How to Treat and Prevent Spring Allergies

People who enjoy a break from allergy symptoms in the cold winter months often dread the return of spring. With it comes an explosion pollen from trees, grass, and weeds that can trigger allergic rhinitis (hay fever).

According to the Centers for Disease Control and Prevention (CDC), nearly 8% of American adults (20 million) and over 7% of children (6 million) experience seasonal allergies.


7 Tips for Avoiding Pollen Exposure

Symptoms of spring allergies include:

  • Sneezing
  • Nasal congestion
  • Runny nose
  • Itchy, watery eyes
  • Mouth or throat itchiness
  • Wheezing
  • Coughing
  • Difficulty breathing
  • Chest tightness

The CDC reports that children between the ages of 12 and 17 are especially vulnerable. Moreover, seasonal allergies may increase the incidence or severity of respiratory symptoms in adults and children with asthma.

Common Spring Allergens

An allergen is any substance that elicits an abnormal immune response during which the body fights off a perceived threat that is otherwise harmless.

Pollen released by trees and other plants during the spring is a common allergen. Pollen is central to plant reproduction and easily inhaled as fine, powdery particles that drift in the air.

The trees most commonly associated with allergic rhinitis in the U.S. include:

  • Ash
  • Birch
  • Cypress
  • Elm
  • Hickory
  • Maple
  • Oak
  • Poplar
  • Sycamore
  • Walnut
  • Western red cedar

In the later spring, grass pollens are the key culprit and may include:

  • Bermuda grass
  • Bluegrass
  • Orchard grass
  • Red top grass
  • Sweet vernal grass
  • Timothy grass

By contrast, weed pollen allergens like ragweed are more commonly seen in summer.

Mold spores are also a common cause of allergies starting in spring and continuing right through autumn. Common mold allergens include Alternaria and Cladosporium. Outdoor mold counts peak in the spring when the ground is thawing, and again at higher levels in the fall when large piles of fallen leaves are collecting on the ground.


Many people don't need a doctor to confirm that the rapid-fire sneezing and watery eyes they experience with the first buds of spring are due to seasonal allergies. And if they do see a physician and explain their symptoms, the doctor might not need to run tests to confirm the diagnosis either.

With that being said, if allergy symptoms are unrelenting despite treatment, you may want to have a doctor check for other causes or contributing factors. This is especially true if you have significant breathing problems.

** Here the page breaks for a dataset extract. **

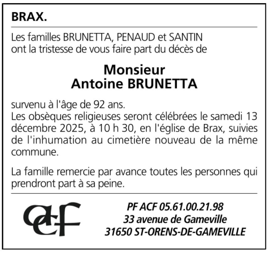 Décédé à Gimont (32200, France) le mercredi 3 décembre 2025 à l'âge de 92 ans

Severe sufferers may need a referral to an allergist to identify the specific allergens. With this information, an allergist may be able to prescribe allergy shots to temper the immune response.

Patients with severe symptoms may also benefit from testing for environmental allergies because sometimes what was thought to be symptoms from allergies ends up resulting in a different diagnosis.

Seasonal Allergies Doctor Discussion Guide

Get our printable guide for your next doctor's appointment to help you ask the right questions.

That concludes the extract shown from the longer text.